While 79% of executives plan to boost investments in AI/ML, a mere 24% consider themselves truly data-driven (Wavestone). As Forrester aptly notes, while AI may be ready for the spotlight, it’s the quality of data and analytics that truly determine if it shines. Enhancing data quality isn’t just a peripheral task; it’s a strategic move that can boost AI/ML model accuracy by a significant 20% (Forrester). So what exactly does it mean for data to be AI-ready? According to Gartner, for data to meet the AI-ready criteria, it must be secure, enriched, fair, accurate, and governed.

To help your organization navigate the complexities of preparing your data for AI, OneSix has built some free tools and resources:

Check out our comprehensive Roadmap to AI-ready Data to get familiar with the core steps
Take our 5-minute AI Readiness Assessment to evaluate your organization’s data maturity; this will be the basis for determining how to accelerate your journey to AI readiness

Trend 2: Unified business visibility

In the pursuit of unified business visibility, data analytics teams encounter a significant hurdle in finding data within the organization, with a notable 24% citing this challenge as their foremost struggle in executing data strategies during 2023 (Forrester). To address this, Generative AI will increase the trend toward centralized data that creates a single source of truth for large language models (LLMs) and everything else (Snowflake). This shift aligns with the evolving need for a consolidated and authoritative data repository to streamline organizational data.
The explosion of unstructured and semi-structured data further underscores the necessity for organizations to embrace all-in-one unified data platforms. Forrester highlights that these platforms are essential for effective cost management, support for diverse multi-structured data analytics, and enabling broader use cases and workloads.
Embedded analytics is going to play a pivotal role in building a data-driven culture. By integrating analytics capabilities and data visualizations directly into user workflows, applications, or portals, embedded analytics streamlines access to insights and provides users with a highly interactive and user-friendly data engagement experience. OneSix can help you get there, leveraging BI platforms like Power BI, Sigma, Tableau, Sisense, and Pyramid Analytics. Get in touch with us to learn more.

Trend 3: Data as a product

The evolving market trend emphasizes a transformative shift in how data is perceived— treating data as a product. This involves ensuring datasets are discoverable, addressable, self-describing, interoperable, trustworthy, and secure. The consumers of these datasets can then be other departments and organizations through data sharing technologies. This shift presents an opportunity for organizations to enrich their internal repositories by augmenting them with externally published datasets.
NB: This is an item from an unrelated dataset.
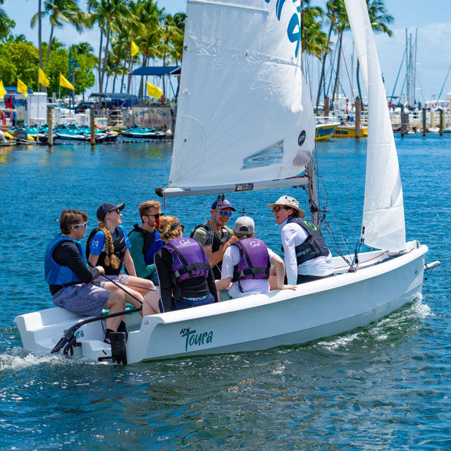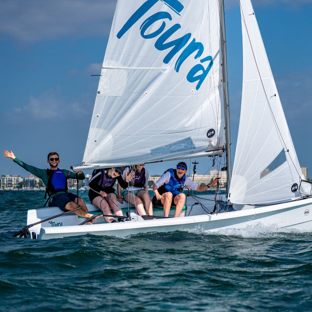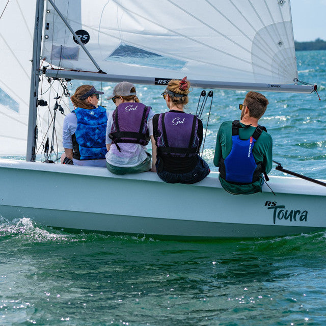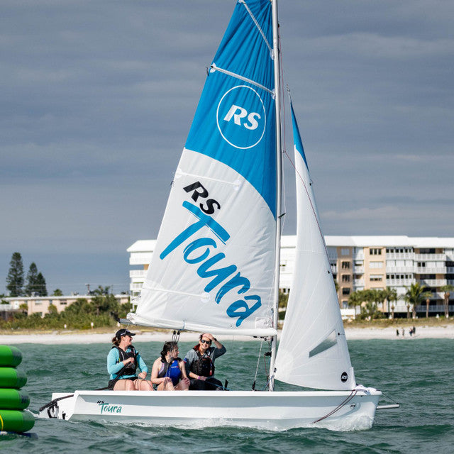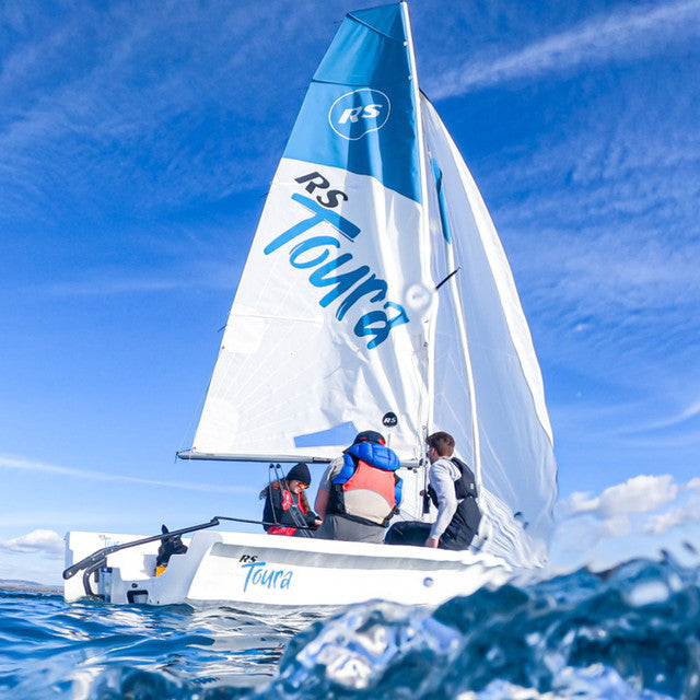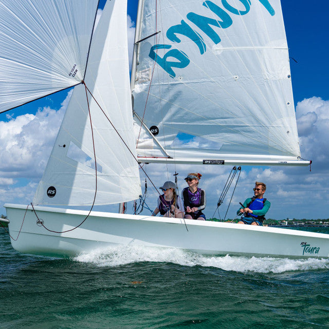 The RS Toura is a spacious and stable modern dinghy designed for family sailing, training programs, and coastal adventures. Positioned between the Quest and Venture models in the RS range, the Toura offers exceptional cockpit space with capacity for up to seven crew members, making it ideal for group outings and instructional use.

These external sources, such as economic indicators, population statistics, or weather data, offer a chance to enhance the depth and breadth of insights, empowering businesses with a more comprehensive and diverse informational landscape to drive informed decision-making and innovation.

Trend 4: Vector databases

Vector databases are rapidly emerging as a highly efficient storage solution tailored for the demands of AI, big data applications, and the long-term memory requirements of Large Language Model use cases. They excel at similarity-based searches, proving invaluable for critical functions like image recognition, recommendation systems, and intricate data comparisons.

What sets vector databases apart is their remarkable scalability and rapid data processing capabilities, making them ideal for real-time operations and large-scale applications. Their adaptability and speed render them not just as a viable option but as a crucial asset in the evolving landscape of data storage and utilization.

Gear up for a transformative year ahead

As we head into 2024, the world of data and AI technology is poised for significant transformation. The trends witnessed in 2023—AI-ready data, unified business visibility, cloud-first approaches, data-as-a-product paradigm, and real-time analytics—carry profound implications for businesses across all industries. Understanding and jumping into these trends is a must for any business aiming to stay ahead in this fast-moving world of data and AI.